3) If reconciliation were to occur then agriculture, commerce, and industry would be
restored to desired levels.
4) To remain in the British Empire would ensure protection of trade beyond what any
other nation on Earth could offer.
5) The incurrence of costs associated with protection of trade would be much lower as a
part of the British Empire.
6) Trade bounties existed as a part of the Empire, and the number of goods that would
flow into the colonies as a result of open trade with the rest of the Empire are beyond
compare.
7) Upon reconciliation and the restoration of peace, emigration to the colonies would be
restored and growth exhibited.
Inglis assures that these are very real benefits as compared to the false grievances made
by Paine in Common Sense.68 If the colonists were to persist in their collective efforts to fight
against the British Empire, then there would undoubtedly be consequences too numerous to
predict. He lists six such consequences.69
1) All of our (colonist’s) property throughout the continent would be unhinged. The
greatest confusion and violent convulsions would take place.

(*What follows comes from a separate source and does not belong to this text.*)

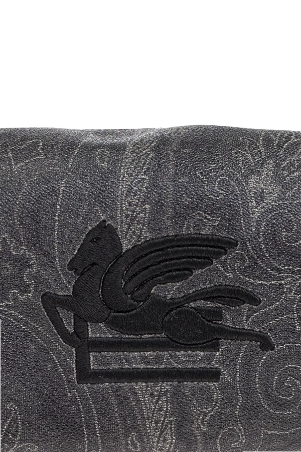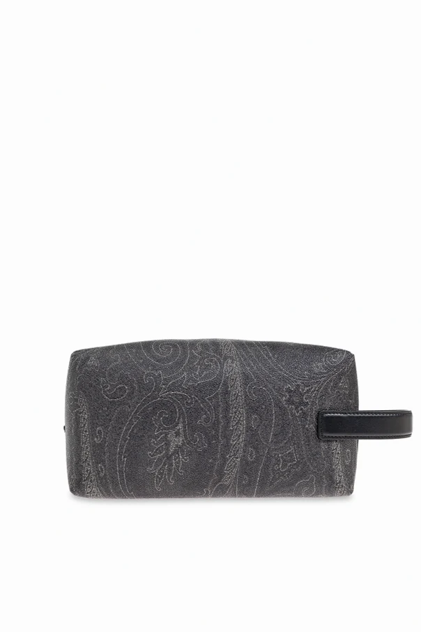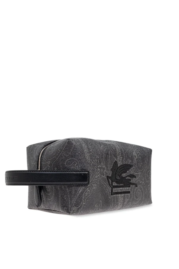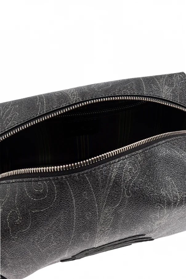 With a distinctive elongated rectangular silhouette, this black cosmetic case by Etro radiates understated luxury. The exterior is crafted from refined canvas featuring a subtle, tactile texture and entirely enveloped in an exquisite paisley motif—a hallmark of Etro’s signature style, inspired by the rich heritage of Asian artistry. A bold, expertly embroidered Pegasus logo ornamentally graces the front, offering a tangible matte finish that unmistakably signals sophistication.

2) Thousands who have taken the oath of allegiance to the King… must be compelled to
renounce that allegiance or abandon their property in America. Thousands more
would be reduced to a similar situation; who although they took not that oath, yet
68. Rev. Charles Inglis, The Deceiver Unmasked; or, Loyalty and Interest United: In Answer to a Pamphlet Entitled Common Sense, (New York, 1776), 59-62.
69. Ibid., 63-69.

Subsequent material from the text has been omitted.